To define the term “fair ready-scheduler” we first give a non-limiting example. In the example, the system has 4 hardware threads that feed a common scheduler. Each hardware thread indicates whether it has a valid offer to be scheduled. Over the course of a large number of cycles, such as one billion selection events or more, record which of the (example) 4 hardware threads are offering a ready instruction during the cycle and record which hardware thread was chosen during the cycle. Filter the recording into collections. One collection contains all cycles in which only hardware thread 1 and hardware thread 2 make an offer. A second collection contains all cycles in which only hardware thread 1 and hardware thread 3 make an offer. And so on and so forth for all combinations of two out of the 4 hardware threads. Likewise, one collection for each combination of 3 out of the 4 hardware threads. Likewise, one collection where all 4 hardware threads make an offer to the scheduler. There is no need to make any collections for cycles in which only a single hardware thread made an offer because the one hardware thread that is making an offer will be chosen every time by a completely fair ready scheduler. And, of course, no collection is needed for cycles in which no offer was made by any hardware thread, as no hardware thread is chosen on such cycles. Once the filtering of the cycles is complete, then we have this state: the filtering has resulted in the collections stated, where each collection has every cycle in which that collection's defining set of hardware threads made an offer. Given those collections of cycles, within each stated collection, for a fair ready-scheduler, the pattern of which hardware thread was chosen by the scheduler will be consistent with the pattern seen when the hardware thread is chosen according to a uniform probability distribution.

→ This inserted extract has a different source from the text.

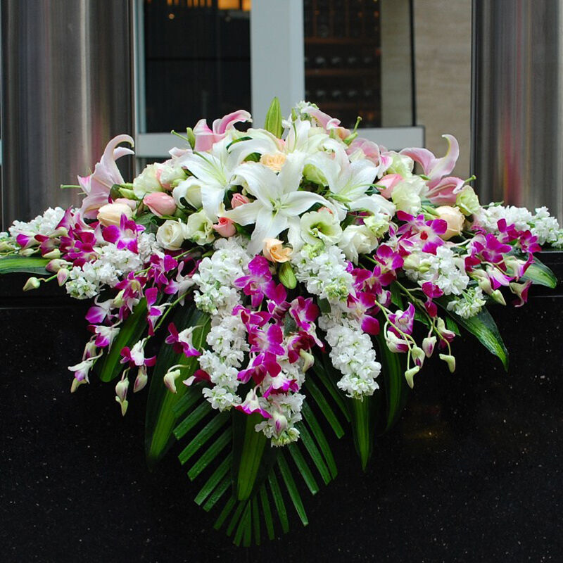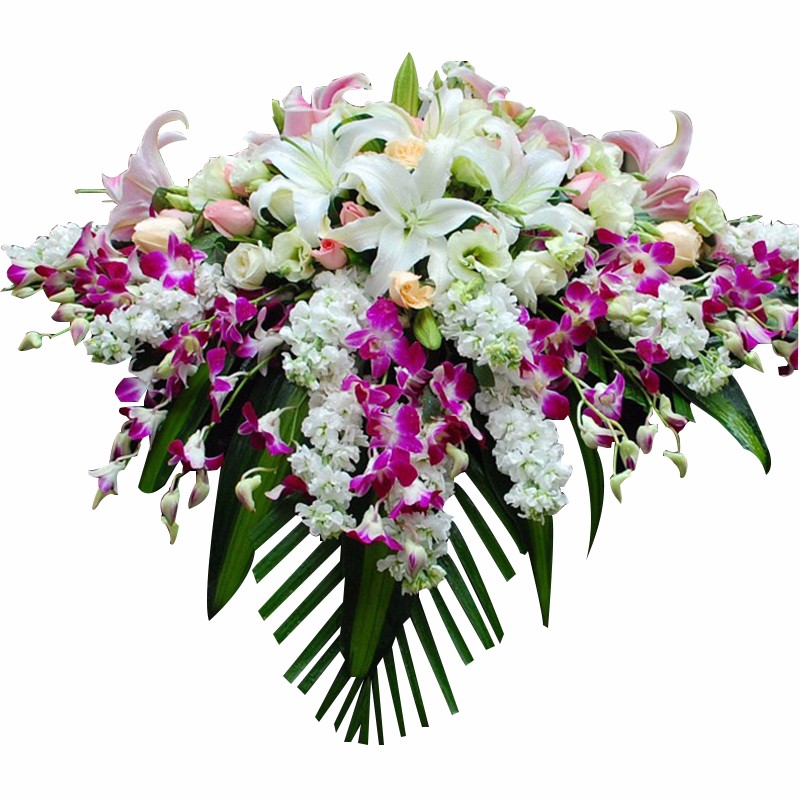 包 装:材料 2支多头白百合、2支多头粉百合、9支粉玫瑰、6支香槟玫瑰、6支白玫瑰、5支浅绿色洋桔梗,搭配适量白色金鱼草、洋兰、散尾葵、巴西叶。

The above example is illustrated in FIG. 8 where 801A-F each refer to the bars generated from the collections that each have only two hardware threads, 802A-C each refer to the bars generated from the collections that each have only three hardware threads, and 803 refers to the bars generated from the collection that has all four hardware threads. In each of 801, 802 and 803, each bar is labelled with the hardware thread that the bar represents. The height of the bar is the number of times that hardware thread's offer was chosen by the scheduler. As an illustrative example, 801A refers to two bars, one bar for hardware thread 1 and the second bar for hardware thread 2. The two bars in 801A are for the collection of all cycles in which hardware thread 1 and hardware thread 2 were the two hardware threads that made an offer. The height of each bar represents the number of times that particular hardware thread was chosen within the collection. The two bars are the same height, or the difference is within the statistics of a uniform distribution. Note that among 801A-F the bars are not all the same height, likewise for 802A-C and 803. In general, the bars for one pair of hardware threads may be lower than for a different pair of hardware threads, which is because there may be different programs run on one pair of hardware threads versus the programs run on a different pair of hardware threads, or the data on which the software thread assigned to a hardware thread computes may cause different behavior from the other hardware threads, and so the total number of cycles for one collection may be different than the total number of cycles for a different collection. However, within a single collection, for a fair scheduler, the height of the bar for each hardware thread will be the same as for the other hardware threads within that collection, to within the statistics that would be gathered if on each hardware thread of the collection the context unit hardware thread were chosen according to a uniform distribution.
Fair Ready Scheduler is defined to be the generalization, of the above example, to any number of hardware threads. The generalization is made by making a collection for each possible subset of hardware threads, and populating each such collection with the cycles on which that collection's defining set of hardware threads made offers. Once the filtering of the cycles is complete, then each collection has every cycle in which that collection's defining set of hardware threads made an offer. Given those collections of cycles, within each stated collection, for a fair ready-scheduler, the count of how many times each hardware thread in that collection's defining set of hardware threads is chosen will be the same for all hardware threads within the defining set, but with small variations in count where the variation is consistent with choosing on each cycle according to a uniform probability distribution.
Note that patterns in one particular program or one particular input data fed to that program may cause deviations from a uniform distribution, but over a large number of cycles, and a large number of programs and a large number of data set inputs, the pattern of choice of hardware thread made by a “fair ready-scheduler” will be consistent with choosing from among the ready hardware threads (within each collection), on each cycle, according to a uniform probability distribution.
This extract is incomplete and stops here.